A novela "A Chave", do japonês Junichiro Tanizaki, um escritor praticamente
desconhecido no Brasil, mas popular em
seu país, é uma amostra admirável do
potencial de ambiguidade
que o gênero permite. O
próprio Tanizaki declarava que só o que o interessava na literatura eram as
mentiras.
"A Chave" é o cruzamento de dois diários que
se alternam ao longo de
alguns meses, o do marido ("Ikuko, minha adorável esposa, realmente não sei se você está lendo meu
diário ou não") e o da mulher ("Nessas
horas ele com certeza deve descer ao salão de chá, retirar meu diário da gaveta
da cômoda e lê-lo"), e gira em torno do
casal, da filha Toshiko e do amigo Kimura. O sexo está presente em cada uma das
linhas da novela, mas não se espere nada
explícito, picante ou explosivo: o livro é
antes o império do gelo do que o dos sentidos.
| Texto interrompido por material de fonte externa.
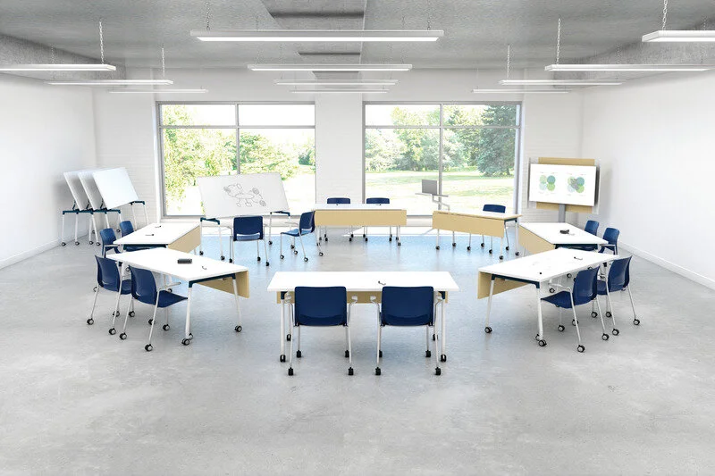 Thesis is designed to meet the evolving trends in education, mirroring the changes seen in office environments. Educational institutions are experiencing a shift in learning and interaction styles, and Thesis addresses this by creating collaborative spaces for group work or conversational applications. It can also be pulled apart to offer independent learning alternatives. It features school chairs that cater to flexible seating needs.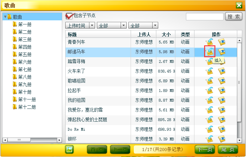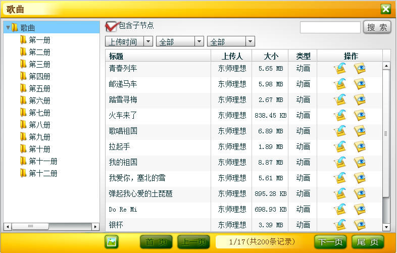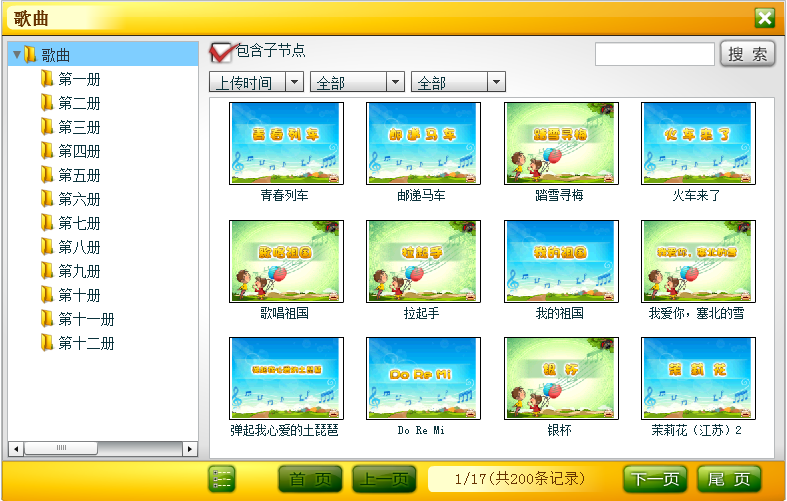 在登录状态下,可查看歌曲库中的动画资源。可展开左侧目录结构按照知识节点进行查看,也可通过勾选右侧“包含子节点”查看任一节点下的图片资源。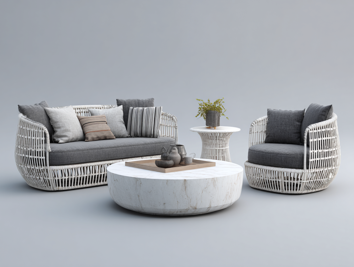 Outdoor Sofas woven outdoor sofa set with tables 220x90x75 cm - grey-white - contemporary outdoor design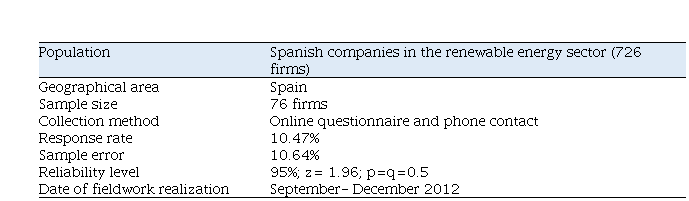 Secondary data from these companies were obtained from two Spanish specialized directories (the IDAE and the Directorio Especializado en Empresas de Energías Renovables from the Spanish Industry Ministry). There are two main reasons to use this set of related activities in this study: (1) Renewable energy activities are very sensitive to CSR activities since their products, processes and services have high impacts in economic, social and environmental terms; (2) their great importance for the Spanish Economy, where the contribution to GDP was around 1% in 2017. This set of industries reveals a panorama of the renewable energy sector in Spain, where CSR implementation is significant from both business and governmental viewpoints. Moreover, this is an emerging sector and R&D investments and innovative strategies based on CSR are expected to be an important aspect for firms, as survival and competitive advantages are closely dependent upon it.

"A Chave" será, também, a história de
um crime, um dos mais originais já cometidos na literatura. Insatisfeito com o
desempenho sexual da mulher ("Envergonho-me de começar o ano expondo
tais queixas, mas ao mesmo tempo acho
bom escrever sobre elas"), o marido parece empurrá-la em direção ao colega Kimura (ambos são professores universitários), como a exacerbar o próprio
ciúme e alimentar a paixão, numa sequência de
simulações e subentendidos em que a filha também terá um papel relevante ("os maridos se
acostumam à silhueta de
sua mulher de tal forma que é mais fácil
para um terceiro observar mais atentamente essas sutilezas").
Trata-se de uma guerra misteriosamente consentida por todos, de um jogo
de xadrez sexual que revela em cada um
de seus lances o desejo de escapar de um
mundo congelado de repressão, hierarquia e incomunicabilidade, tudo isso no
limiar tenso da invasão da cultura ocidental. O marido faz referência ao romance de William Faulkner (1897-1962)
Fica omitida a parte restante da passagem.